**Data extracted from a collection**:

+++

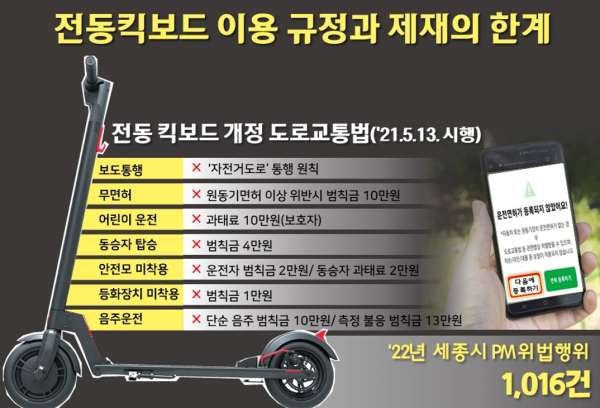 시와 교육청이 전동킥보드의 불법적 이용을 막기 위해 매년 예산을 투입해 교육과 캠페인을 지속하고 있지만, 이러한 노력이 무색할 정도로 킥보드 이용과 관련사고는 늘어만 가고 있다. 또한 관련 민원도 폭주해 작년에는 121건, 올해는 벌써 211건으로 집계되고 있다.
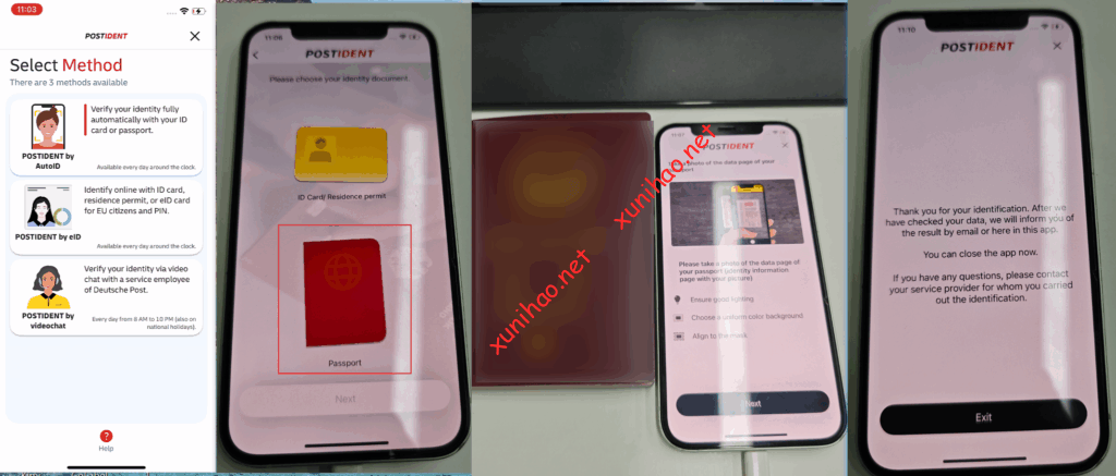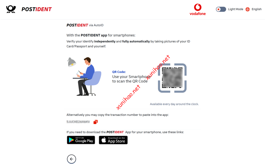 页面跳转到这个页面,系统提示我们需要到手机下载“POSTIDENT”这个软件,来进行身份认证。
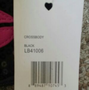 NWT Betsey Johnson "Luv Betsey " crossbody bag. Cheeky graphics in hot pink as well as black sequins adorn this adorable bag. Bag is 7.5 inches in diameter. Gold chain and black shoulder strap.
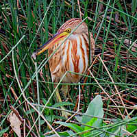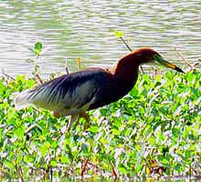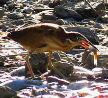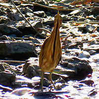 ![]() ヨシゴイ 小魚に狙いを定めて、首を伸ばして、ゲットは一瞬。食後は何度も長い舌を出していた。 |
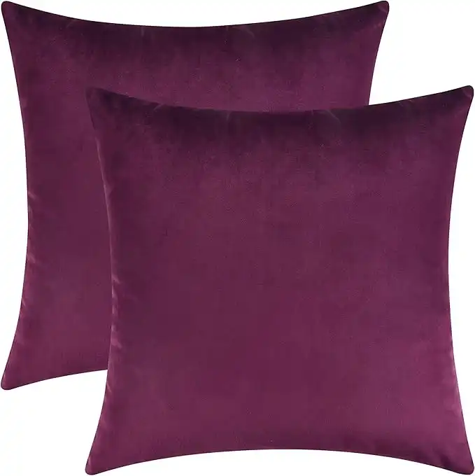 amazon.aeMixhug Decorative Throw Pillow Covers, Velvet Cushion Covers, Solid Throw Pillow Cases for Couch and Bed, Deep Plum, 16 x 16 Inches, Set of 2
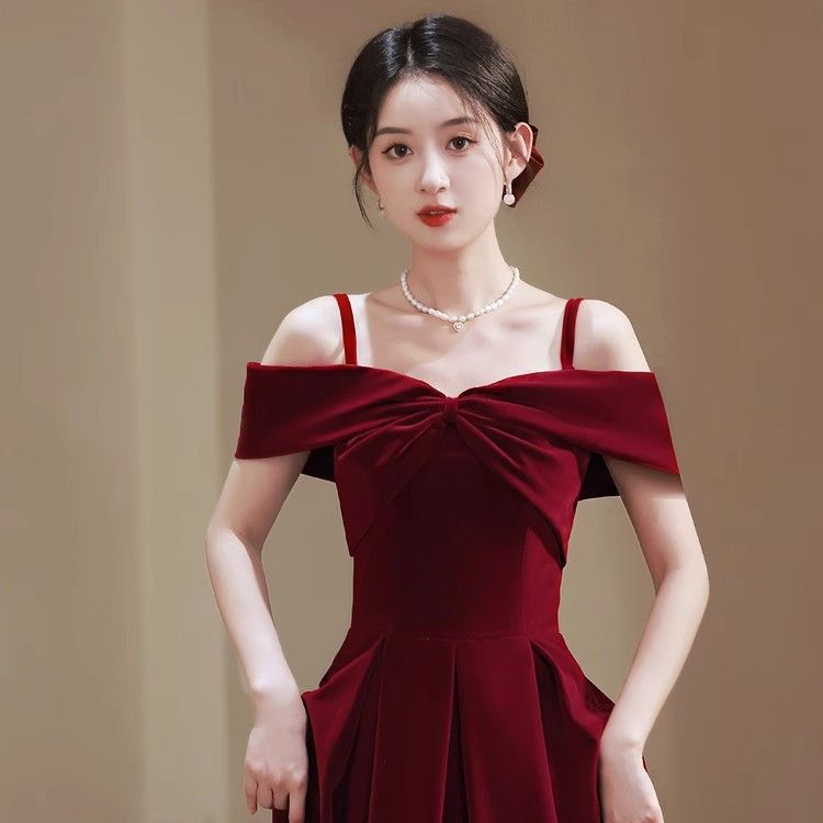 赤い敬酒服2025新型新婦の小柄な婚約ワンピースが帰ってきて高級感があります。
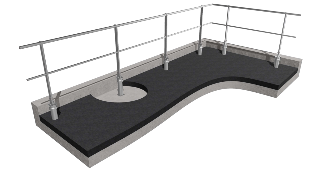 La barandilla para losa impermeabilizada M-SAFE se fija en una losa islada a través del sistema de impermeabilización mediante su base tipo D. Disponible en tres alturas estándar (300, 400 y 500 mm), cumplen con el DIU 43.1, la normativa de impermeabilización de terrazas.
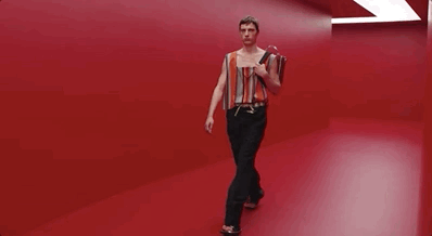 При этом разговор о новой маскулинности совсем не в лоб. Дизайнеры не переодевают мужчин с ходу в юбки или платья, а лишь немного стачивают углы с помощью деликатных деталей. С помощью квадратного выреза, который вдруг показывает ключицы; с помощью чуть опущенной линии спины у маек, чтобы было видно лопатки; с помощью брюк с заниженной талией. Трикотаж, из которого и топы, и дополняющие менее мягкие образы манишки; худи из махровой ткани (которой заметно много в текущей женской коллекции Prada) — что, как не это, метафора нежности, которой в мужском гардеробе до сих пор не стало достаточно много? В этом переходе от нарочито мужского к свободному Миучча и Раф как никогда деликатны: лучший пример такого бесшовного перехода — экстремально короткие юбки-шорты, которые дизайнеры предлагают весной и летом 2022-го носить мужчинам (Миучча, кстати, обычно предлагает носить такие девушкам в Miu Miu).
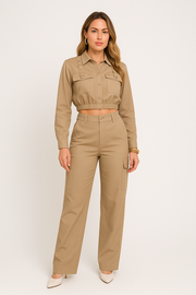 Conjunto moderno composto por cropped estilo camisa de manga longa com bolsos frontais e detalhe em argolas, combinado à calça cargo com bolsos utilitários e modelagem reta. Versátil e atual, pode ser usado junto ou separado, criando looks casuais ou sofisticados com muito estilo.
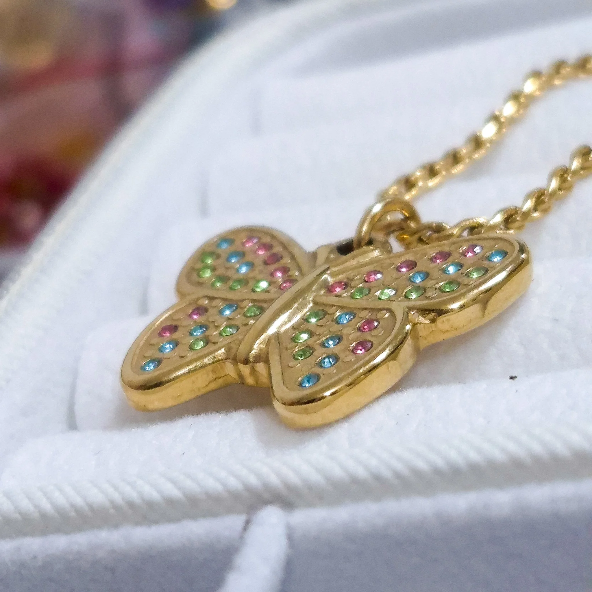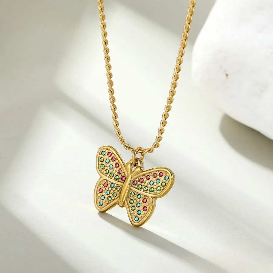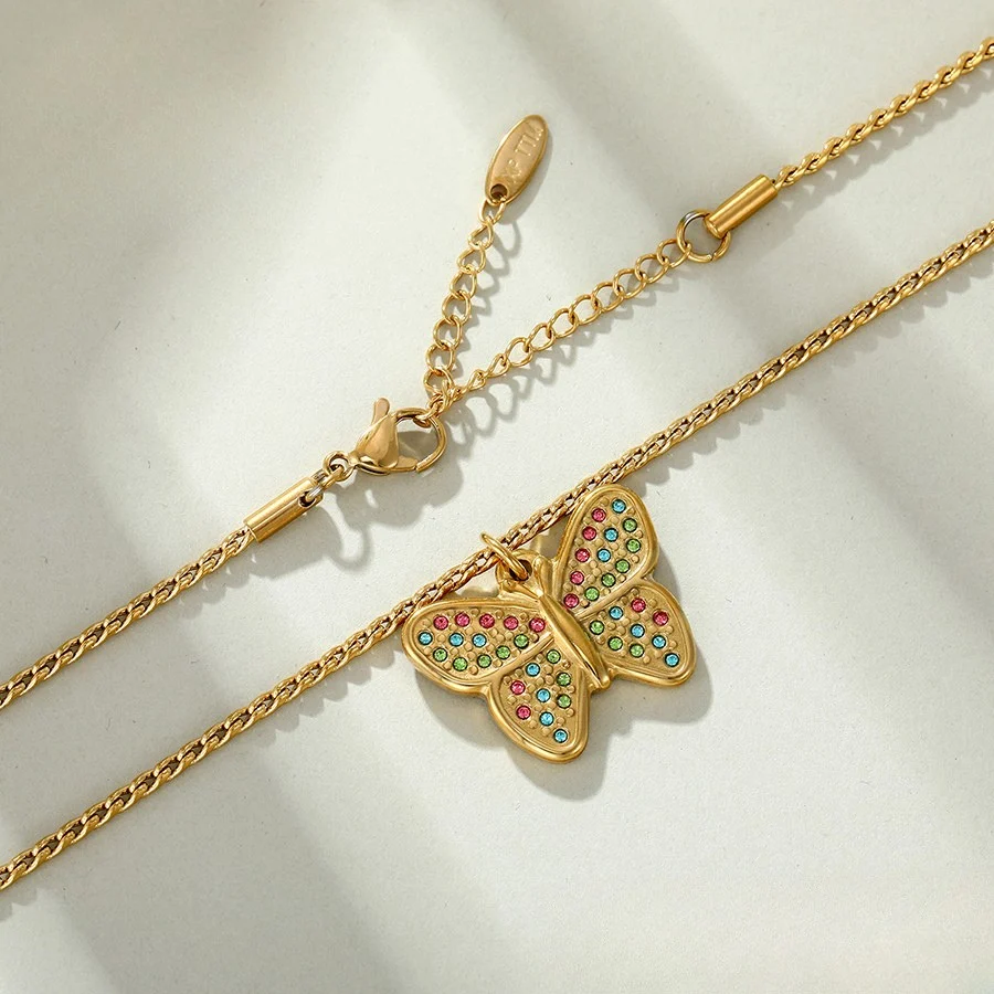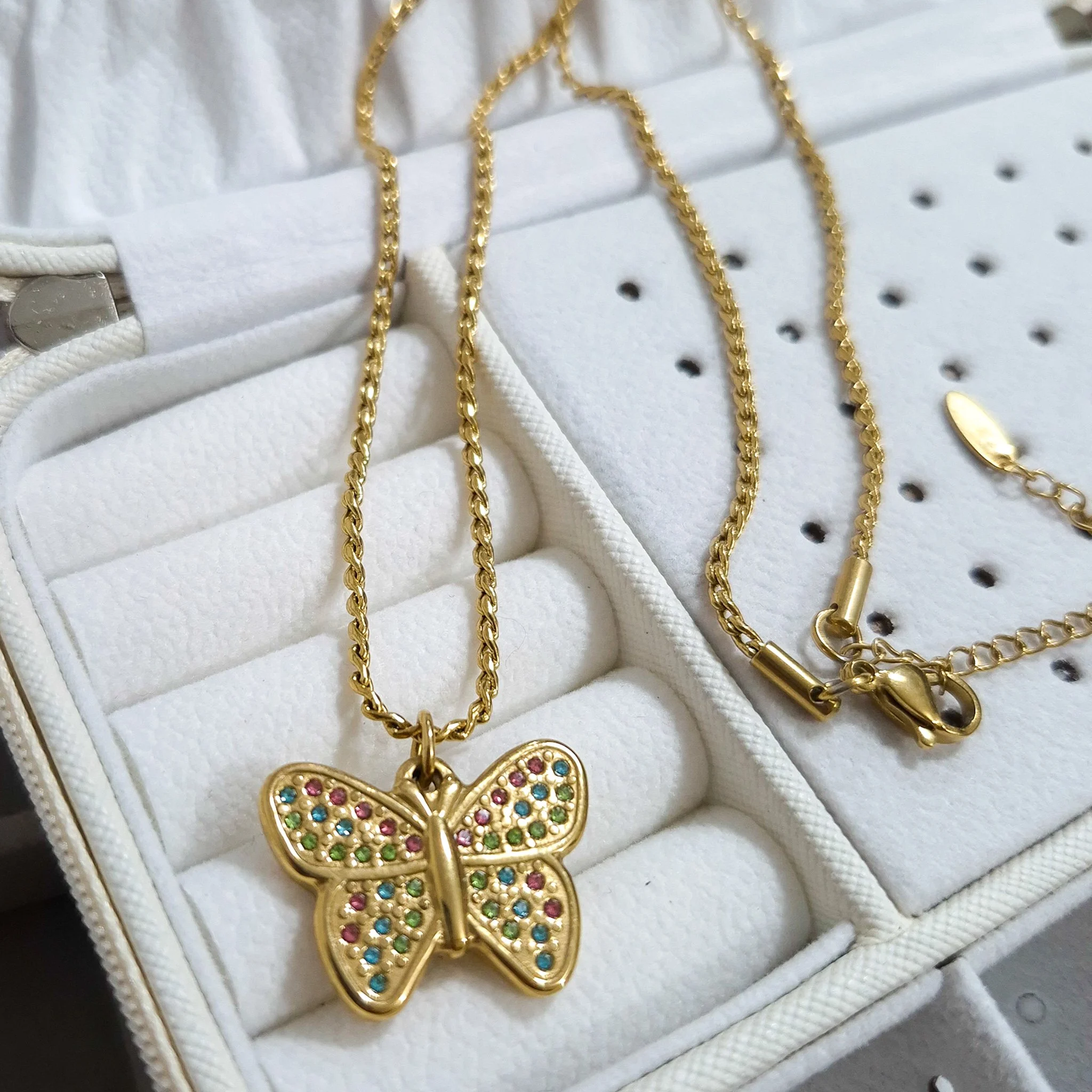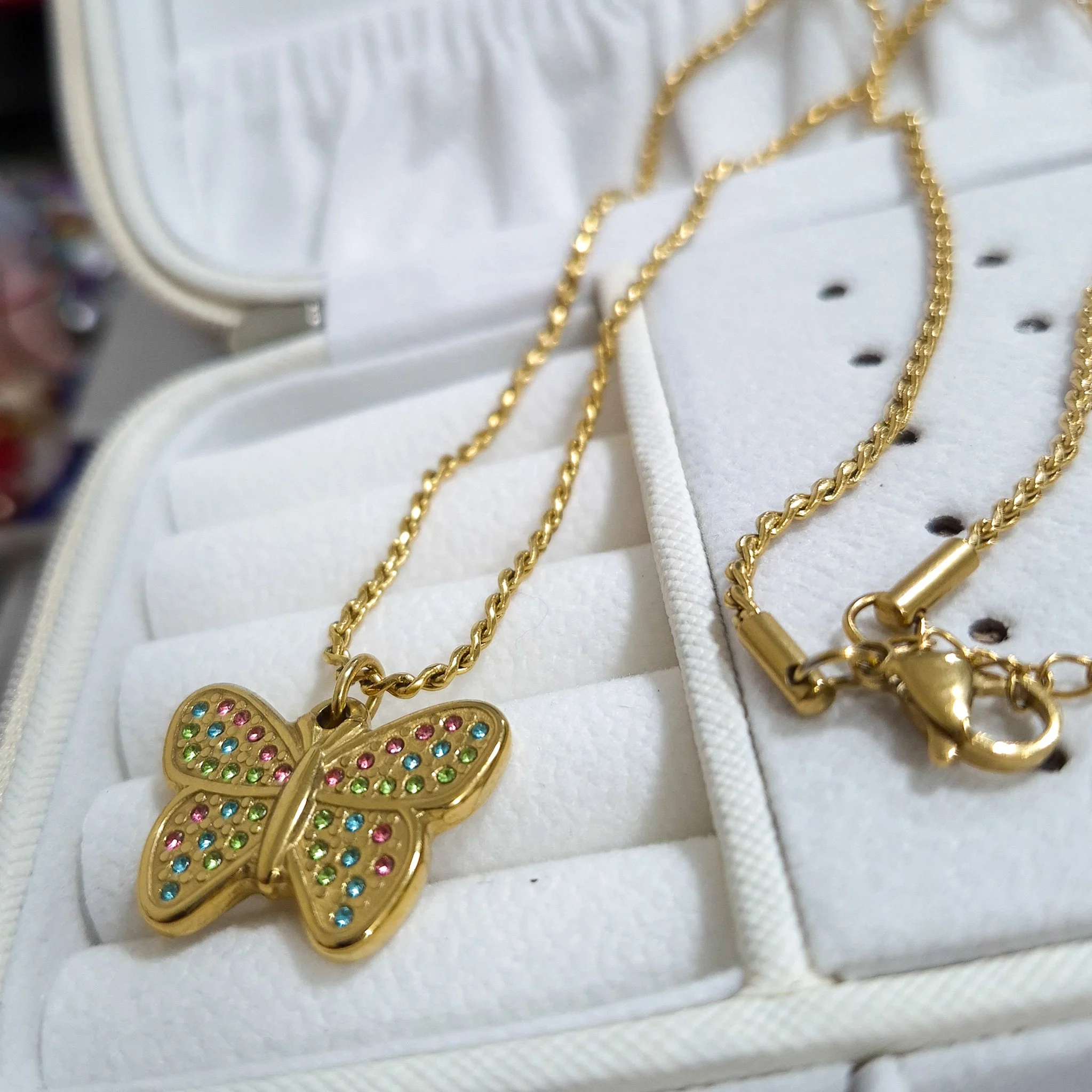 Hermoso collar entorchado elaborado en acero quirúrgico 316l con baño de oro de 18k, dije con incrustación de cristal.

+++

**WHAT IS NEEDED**: Transcribe the records word for word and include no pictures.

**RESPONSE FOR THIS EXERCISE**:
 시와 교육청이 전동킥보드의 불법적 이용을 막기 위해 매년 예산을 투입해 교육과 캠페인을 지속하고 있지만, 이러한 노력이 무색할 정도로 킥보드 이용과 관련사고는 늘어만 가고 있다. 또한 관련 민원도 폭주해 작년에는 121건, 올해는 벌써 211건으로 집계되고 있다.
 页面跳转到这个页面,系统提示我们需要到手机下载“POSTIDENT”这个软件,来进行身份认证。
 NWT Betsey Johnson "Luv Betsey " crossbody bag. Cheeky graphics in hot pink as well as black sequins adorn this adorable bag. Bag is 7.5 inches in diameter. Gold chain and black shoulder strap.
 ![]() ヨシゴイ 小魚に狙いを定めて、首を伸ばして、ゲットは一瞬。食後は何度も長い舌を出していた。 |
 amazon.aeMixhug Decorative Throw Pillow Covers, Velvet Cushion Covers, Solid Throw Pillow Cases for Couch and Bed, Deep Plum, 16 x 16 Inches, Set of 2
 赤い敬酒服2025新型新婦の小柄な婚約ワンピースが帰ってきて高級感があります。
 La barandilla para losa impermeabilizada M-SAFE se fija en una losa islada a través del sistema de impermeabilización mediante su base tipo D. Disponible en tres alturas estándar (300, 400 y 500 mm), cumplen con el DIU 43.1, la normativa de impermeabilización de terrazas.
 При этом разговор о новой маскулинности совсем не в лоб. Дизайнеры не переодевают мужчин с ходу в юбки или платья, а лишь немного стачивают углы с помощью деликатных деталей. С помощью квадратного выреза, который вдруг показывает ключицы; с помощью чуть опущенной линии спины у маек, чтобы было видно лопатки; с помощью брюк с заниженной талией. Трикотаж, из которого и топы, и дополняющие менее мягкие образы манишки; худи из махровой ткани (которой заметно много в текущей женской коллекции Prada) — что, как не это, метафора нежности, которой в мужском гардеробе до сих пор не стало достаточно много? В этом переходе от нарочито мужского к свободному Миучча и Раф как никогда деликатны: лучший пример такого бесшовного перехода — экстремально короткие юбки-шорты, которые дизайнеры предлагают весной и летом 2022-го носить мужчинам (Миучча, кстати, обычно предлагает носить такие девушкам в Miu Miu).
 Conjunto moderno composto por cropped estilo camisa de manga longa com bolsos frontais e detalhe em argolas, combinado à calça cargo com bolsos utilitários e modelagem reta. Versátil e atual, pode ser usado junto ou separado, criando looks casuais ou sofisticados com muito estilo.
 Hermoso collar entorchado elaborado en acero quirúrgico 316l con baño de oro de 18k, dije con incrustación de cristal.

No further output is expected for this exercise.